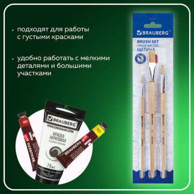 Набор из трех кистей разного размера BRAUBERG позволяет начинающим художникам решать любые творческие задачи в детском саду, школе и дома.
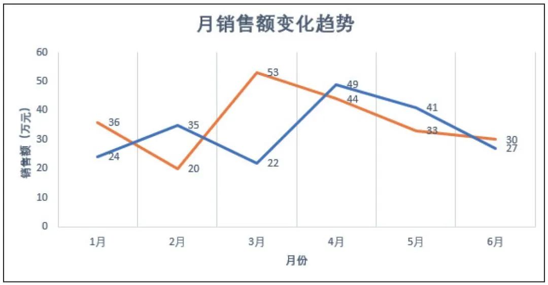 折线图也适合多个二维数据集的比较,如下图所示为两个产品在同一时间内的销售情况比较。
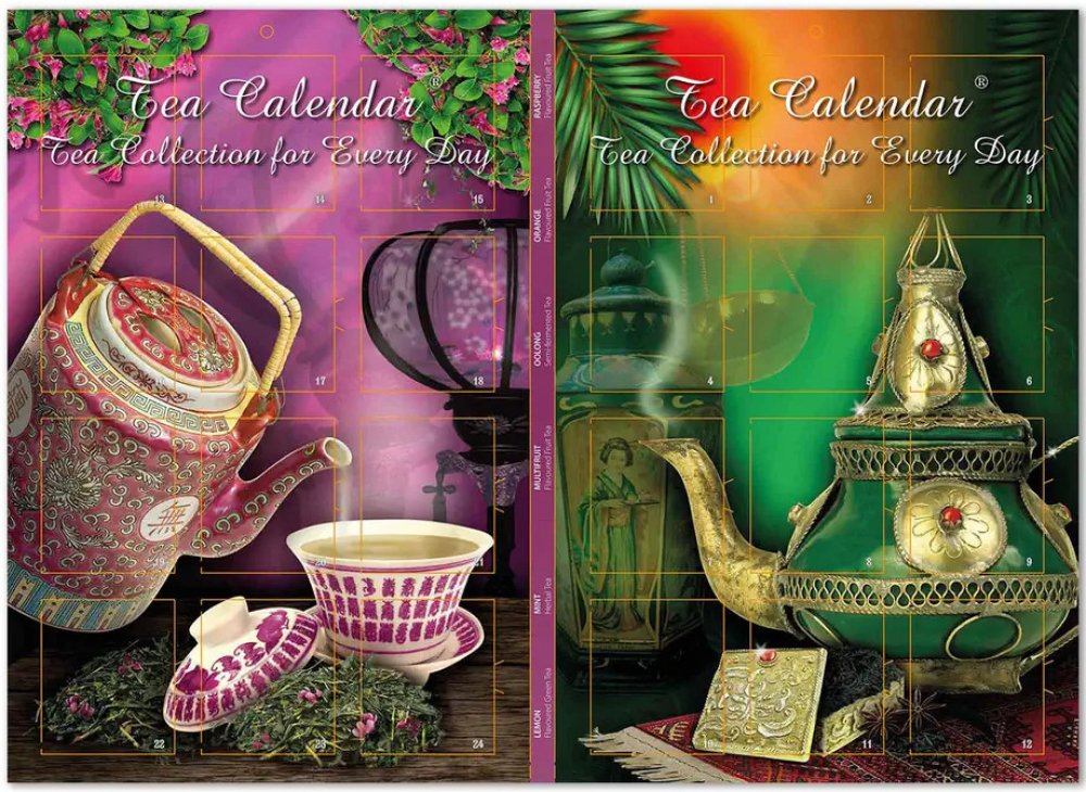Originální čajová kolekce z naší vlastní produkce ve formě oboustranného adventního kalendáře, která obsahuje 24 ks porcovaných čajů – zkušenými čajovníky z Růžové čajovny vybraný mix nejoblíbenějších ovocných, zelených, černých, bylinných a oolong čajů. Čaje jsou umístěny v jednotlivých okénkách po obou stranách kalendáře tak, aby na každý den adventu připadl jeden lahodný nápoj.

» PROBLEM REQUIREMENTS
Word for word, reproduce all the data, but not the pictures.

» TASK RESPONSE
 Набор из трех кистей разного размера BRAUBERG позволяет начинающим художникам решать любые творческие задачи в детском саду, школе и дома.
 折线图也适合多个二维数据集的比较,如下图所示为两个产品在同一时间内的销售情况比较。
Originální čajová kolekce z naší vlastní produkce ve formě oboustranného adventního kalendáře, která obsahuje 24 ks porcovaných čajů – zkušenými čajovníky z Růžové čajovny vybraný mix nejoblíbenějších ovocných, zelených, černých, bylinných a oolong čajů. Čaje jsou umístěny v jednotlivých okénkách po obou stranách kalendáře tak, aby na každý den adventu připadl jeden lahodný nápoj.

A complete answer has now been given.